Already, we are gaining insight into not only what attributes describe a player, but what attributes go together. Players tend to excel in the same group of stats at once, whether they are offensive, defensive, or mixed groupings of attributes.
With our dataset reduced to it’s essential components, I could begin clustering.
Unsupervised learning- Clustering Techniques
I tested three major types of clustering- Kmeans, DBScan, and Heirarchical clustering. All three are distance-based clustering techniques. Kmeans and hierarchical clustering are more flexible because they can return an arbitrary number of clusters that the user specifies, but that makes interpretability more difficult because the user needs to be able to effectively choose this. DB Scan uses a different technique that only returns clusters which meet certain user-specified criteria. This makes DB Scan more informative, but can be difficult to tune the model in order to identify a practical number of useful clusters.

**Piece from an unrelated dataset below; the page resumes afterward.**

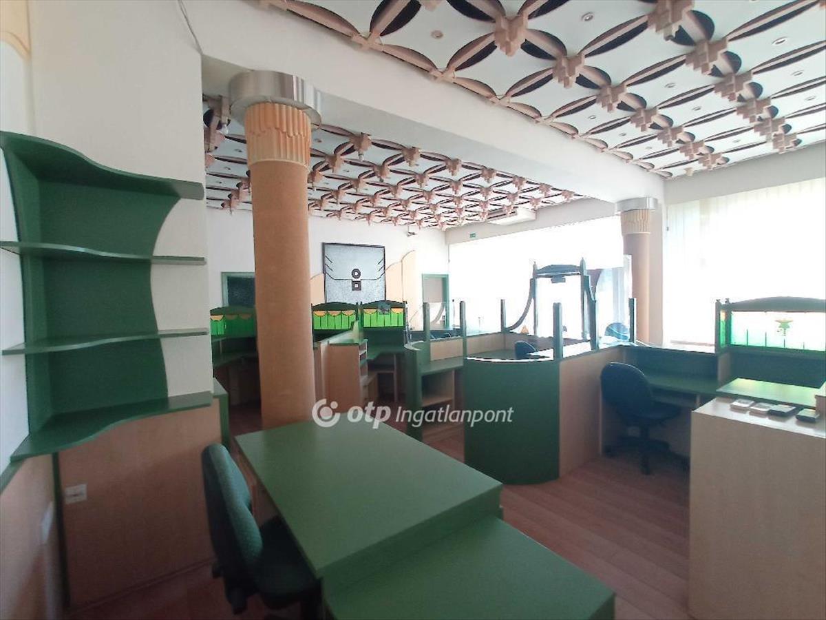 Kecskemét belvárosi társasházban, 277 m2-es, korábban bankfiókként üzemelt iroda eladó. a tégleépítésű ház földszintjén, közvetlenűl utcafrontról megközelíthető. a külső nyílászárók fából készültek, kirakatszerű kialakítása alapján reklámfeliratokat, hírdetéseket helyezhetnek el. Távfűtéssel rendelkezik, klimatizált, több egyedi klíma biztosítja a megfelelő hőmérsékletet a kiszolgáló térben. 3 X 50 a elekktromos teljesítménye lehetővé tesz vendéglátó, kereskedelmi, magánegészségügyi tevékenységet is. Korábbi teljes berendezése az ár részét képezi, szociális blokkjának kialaktása, teakonyha, fürdő, nagyobb létszámú üzleti vállalkozásnak is megfelel. a társasház előtti nagy mennyiségű parkoló miatt megközelítése gépkocsival is ideális.

After testing, hierarchical clustering was the most effective method. DB Scan and kmeans both struggled to identify meaningful clusters. In particular, I believe that DB Scan struggled to create clusters because the data was very uniform, with no clear boundaries. Instead, what hierarchical clustering was able to do was slowly group clusters by distance from one another, and give us insight on which players are more similar to one another.
The hierarchical clustering that I used is within the scipy.cluster library. From this library, I used the dendrogram, linkage, cophenet, and fcluster methods. This scipy implementation uses agglomerative bottom up clustering. What hierarchical clustering does is take every point and find it’s nearest nearest neighbor. The next iteration, each of these clusters identifies its nearest cluster and combines to form another cluster, and so on. If the method runs to completion, all points have been grouped together. The key to using this modeling technique is to identify at what point to stop clustering and view the clusters that have formed.
Using a useful technique outlined in the link above, I can essentially choose a reasonable number of clusters to stop the clustering process. By viewing the speed and acceleration of distance growth, I can choose the point where the acceleration of distance growth is the largest. That is where clusters show the best separation.
The plot shown on the left is speed (blue) and acceleration (green) of distance growth as the dendrogram is developed. There are spikes in acceleration at 3, 6, and 11 clusters. 3 and 6 clusters are too few- that is no more than the 5 “standard” positions that are part of our typical basketball lexicon. I wanted to separate players further by functionality, so I chose n=11 as the number of clusters.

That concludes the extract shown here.